• **Your instructions**:
Go to the line with "Плиссированный тренч Vino" in the records below, then output it and each following line exactly, up to and including the line with "Vintage 1960s Japanese". Skip pictures and add nothing.

• **Data shown**:
****************************************
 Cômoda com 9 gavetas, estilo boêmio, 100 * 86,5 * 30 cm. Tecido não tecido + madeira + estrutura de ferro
****************************************
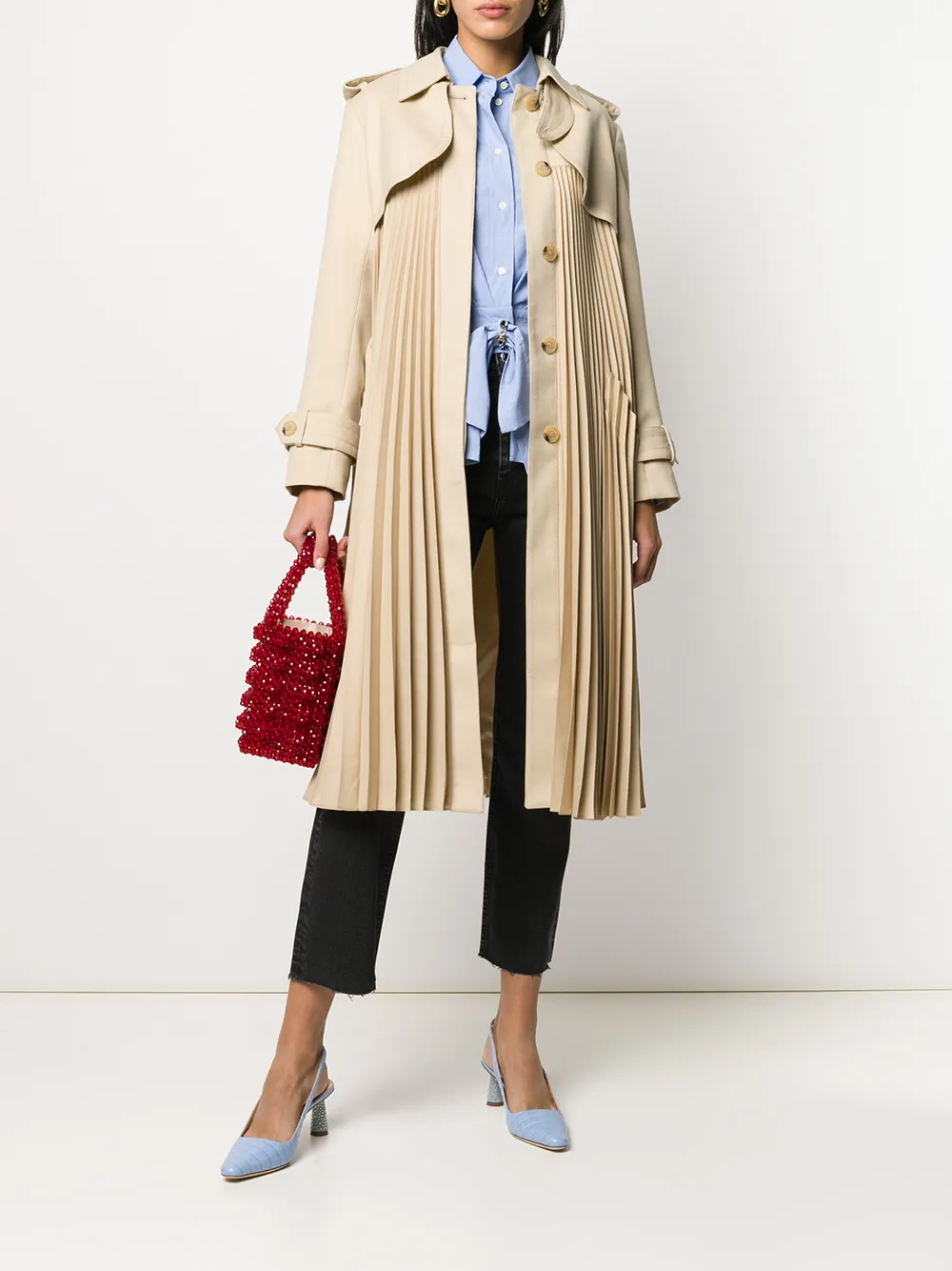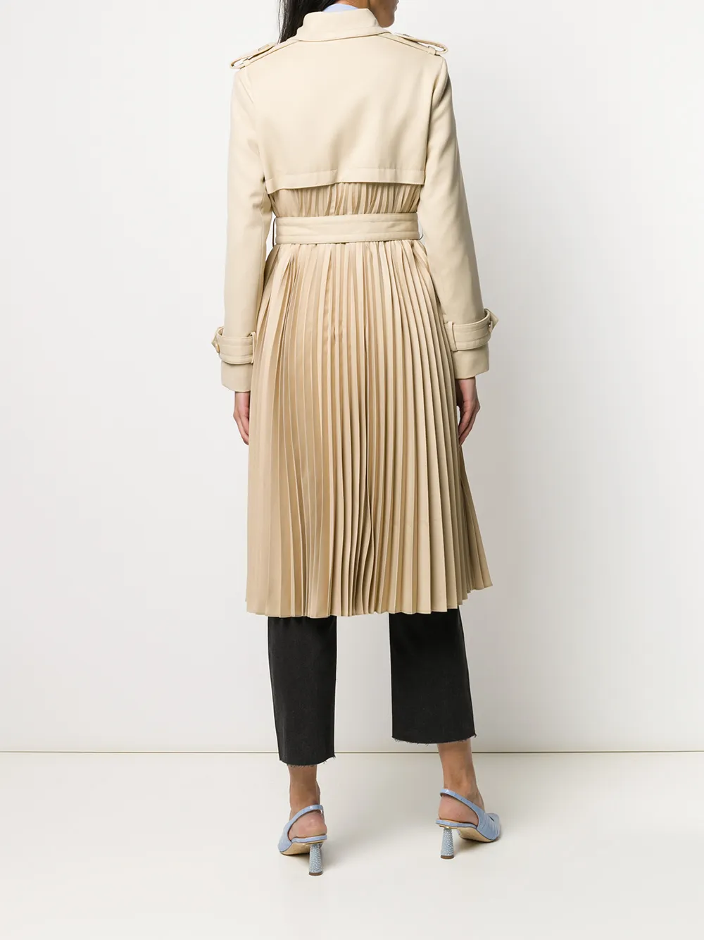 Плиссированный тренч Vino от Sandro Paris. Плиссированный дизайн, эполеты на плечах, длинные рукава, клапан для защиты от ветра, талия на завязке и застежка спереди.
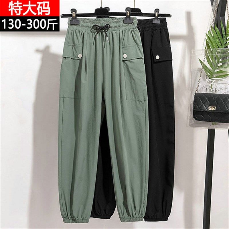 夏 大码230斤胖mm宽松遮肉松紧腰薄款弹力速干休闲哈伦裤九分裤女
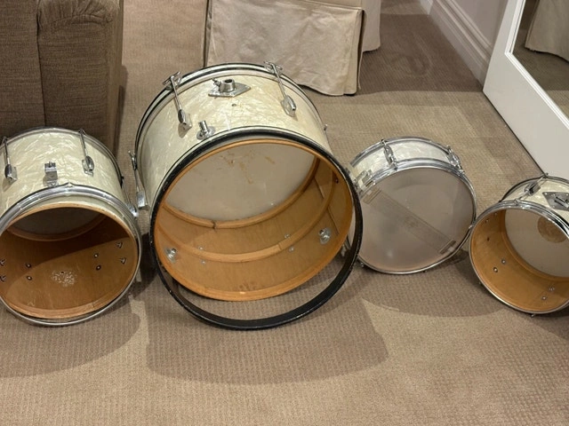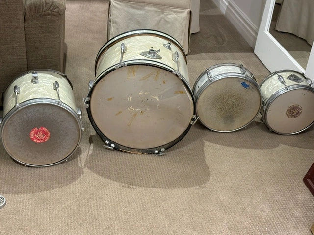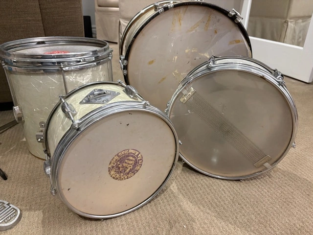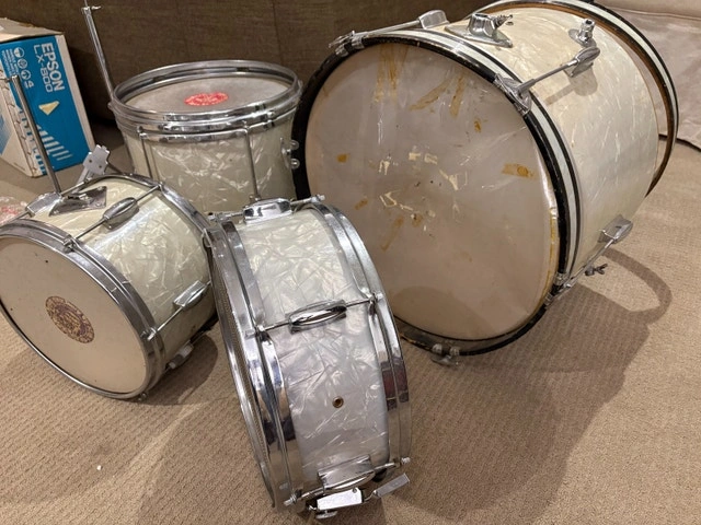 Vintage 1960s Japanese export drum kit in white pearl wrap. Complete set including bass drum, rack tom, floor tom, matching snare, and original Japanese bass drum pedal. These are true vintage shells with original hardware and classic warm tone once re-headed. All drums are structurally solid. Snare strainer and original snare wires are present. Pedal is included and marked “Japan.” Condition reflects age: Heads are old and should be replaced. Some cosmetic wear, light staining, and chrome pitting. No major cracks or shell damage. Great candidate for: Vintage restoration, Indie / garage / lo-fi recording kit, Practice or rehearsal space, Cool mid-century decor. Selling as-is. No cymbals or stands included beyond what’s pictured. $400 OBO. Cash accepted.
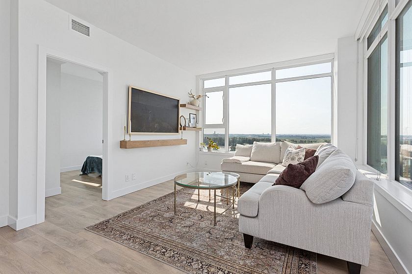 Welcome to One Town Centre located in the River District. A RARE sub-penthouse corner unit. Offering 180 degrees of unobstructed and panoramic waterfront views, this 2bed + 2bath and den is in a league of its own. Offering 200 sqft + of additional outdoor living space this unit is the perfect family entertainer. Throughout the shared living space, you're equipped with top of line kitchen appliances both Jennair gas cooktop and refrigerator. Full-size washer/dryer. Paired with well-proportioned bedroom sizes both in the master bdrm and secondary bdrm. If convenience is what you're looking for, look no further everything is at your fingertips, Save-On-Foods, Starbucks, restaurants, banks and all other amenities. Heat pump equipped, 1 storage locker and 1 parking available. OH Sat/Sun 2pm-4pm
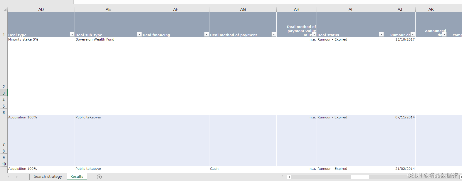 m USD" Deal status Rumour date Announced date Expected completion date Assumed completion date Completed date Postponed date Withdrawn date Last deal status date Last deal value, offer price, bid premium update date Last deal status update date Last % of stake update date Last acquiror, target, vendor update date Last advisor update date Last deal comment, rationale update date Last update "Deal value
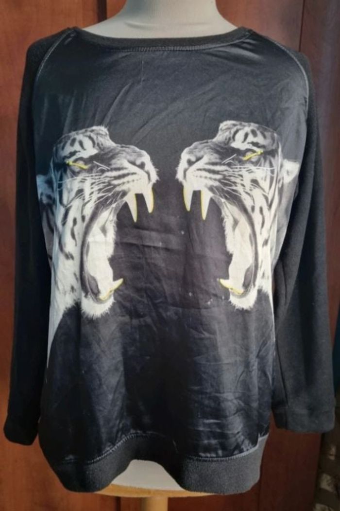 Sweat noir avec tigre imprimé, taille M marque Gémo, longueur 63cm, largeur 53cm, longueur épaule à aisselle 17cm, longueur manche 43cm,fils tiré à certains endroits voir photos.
****************************************
• **Solution to this exercise**:
 Плиссированный тренч Vino от Sandro Paris. Плиссированный дизайн, эполеты на плечах, длинные рукава, клапан для защиты от ветра, талия на завязке и застежка спереди.
 夏 大码230斤胖mm宽松遮肉松紧腰薄款弹力速干休闲哈伦裤九分裤女
 Vintage 1960s Japanese export drum kit in white pearl wrap. Complete set including bass drum, rack tom, floor tom, matching snare, and original Japanese bass drum pedal. These are true vintage shells with original hardware and classic warm tone once re-headed. All drums are structurally solid. Snare strainer and original snare wires are present. Pedal is included and marked “Japan.” Condition reflects age: Heads are old and should be replaced. Some cosmetic wear, light staining, and chrome pitting. No major cracks or shell damage. Great candidate for: Vintage restoration, Indie / garage / lo-fi recording kit, Practice or rehearsal space, Cool mid-century decor. Selling as-is. No cymbals or stands included beyond what’s pictured. $400 OBO. Cash accepted.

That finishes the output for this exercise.